Na batalha mais importante de sua carreira política, o governador acabou tirando vantagem até mesmo daquilo que costuma ser apontado como um defeito. Por exemplo: Alckmin ouve todo mundo - de desenvolvimentistas a monetaristas -, mas não tem perfil definido. Afinal de contas, como ele acha que pode reduzir os juros e fazer o País crescer? Qual é o seu "projeto de Nação"? "Ele não tem. E ainda bem! Quem gosta de projeto é tecnocrata - e há um monte deles aí no mercado. Os políticos é que são raros", responde o vice Claudio Lembo. "Quem tem de ter um projeto é um partido ou uma aliança, não um candidato. São essas forças que vão compor um programa capaz de viabilizar a governabilidade. Alckmin é o novo", diz o secretário Meirelles.

"Acho que ele tem uma preocupação especial com a questão econômica e vai burilar isso nesse processo todo...", arrisca o deputado estadual Vanderlei Macris, que organizou a viagem do governador à Paraíba, embarcou com ele e voltou se dizendo impressionado com o que define como "rastro de euforia que ele deixa por onde passa". "O Serra era uma expectativa de ministério pronto, porque já sabia o que ia fazer e dificilmente os políticos teriam acesso a isso. O Alckmin, por ser um candidato em formação, é mais acessível. Para alguns políticos, isso é como música para os ouvidos", troca em miúdos um interlocutor freqüente do governador.

No meio empresarial, a tela em branco da candidatura Alckmin - asseguram alguns partidários - é vista com bons olhos. "Para uma parte significativa, o Serra é tão confiante que corre o risco de ser heterodoxo", diz um de seus interlocutores. Ungido candidato, Alckmin quer agora começar sua campanha mostrando os números de seu governo. "O modelo de desenvolvimento que ele aplicou em São Paulo nos últimos quatro anos é replicável em todos os Estados do País", avisa Meirelles.

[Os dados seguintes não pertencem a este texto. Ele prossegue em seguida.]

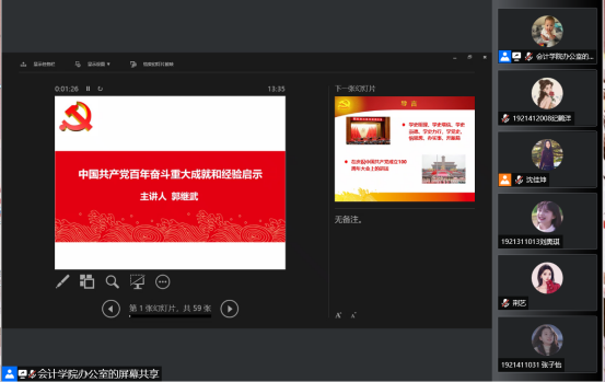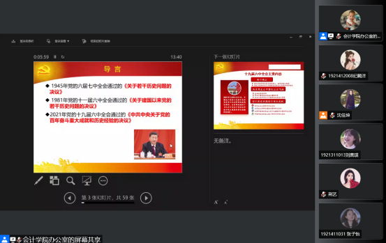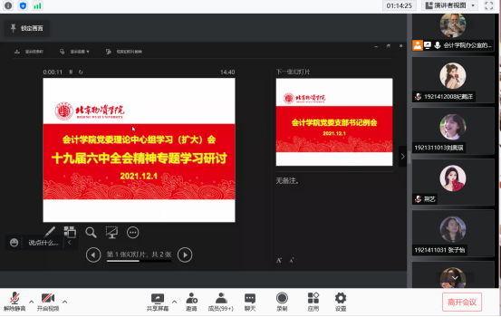 为深刻把握党百年奋斗的重大成就,深刻领会党百年奋斗的历史经验,会计学专业员工第二党支部于2021年12月1日在线上开展主题理论学习,主题为十九届六中全会精神学习研讨,支部全体党员和积极分子共同参与。

Além da necessidade de reformas - a proposta preferida de todos os candidatos -, o governador pretende falar de ações de sua administração, como a queda da alíquota de ICMS para mais de 200 itens, como o pãozinho, a progressão da tributação de microempresas e investimentos em tecnologia e infra-estrutura. Em temas nevrálgicos de sua gestão, como a segurança pública, deve repetir o que já vem dizendo: apesar da sensação de insegurança geral, o número de homicídios caiu e o Estado investiu em novos presídios a ponto de ter de guardar criminosos que outros lugares não conseguiam manter, como Fernandinho Beira-Mar. De qualquer maneira, a principal preocupação do governador agora é se cacifar fora do Estado. "No vôo de volta da Paraíba, ele me disse: 'Se for o candidato do partido, me planto no nordeste'", conta Macris.

De agora em diante, ninguém duvida de que Alckmin deva manter sua vontade a toda prova. Mesmo pessoas próximas ficaram surpresas com a voracidade com que ele entrou na briga. Na prática, trata-se de uma luta por sua sobrevivência política - e a grande chance de sair publicamente da sombra de Mário Covas, embora nos bastidores já tenha substituído boa parte dos covistas históricos que restavam em seu governo. Mas, católico a ponto de fazer política recitando salmos, Geraldinho - como era chamado por Covas - gosta de deixar evidente sua vibração religiosa. Costuma dizer, o tempo todo, que política é destino - e que está apenas fazendo a sua parte. "Às vezes essa conversa tem até uma conotação meio missionária", diz João Almeida. "Ele tem uma forte crença no divino e não esconde. E ninguém pode dizer que não é uma boa motivação", afirma Claudio Lembo.

Citar tanto o destino faz sentido à luz da trajetória política de Alckmin - historicamente beneficiado pela mão do acaso que costuma favorecer os vices na crônica política brasileira. Escolhido por Covas para ser seu vice pelo perfil discreto e administrativo, foi candidato à Prefeitura de São Paulo - por insistência do padrinho. Perdeu e voltou para o Palácio dos Bandeirantes. Seis meses depois, Covas morreu e Alckmin assumiu o governo. Foi eleito para a administração seguinte, como uma espécie de responsável pela continuidade do governo anterior. Nas últimas semanas, brigou como se estivesse numa cruzada para, dessa vez, pegar o acaso pelos chifres.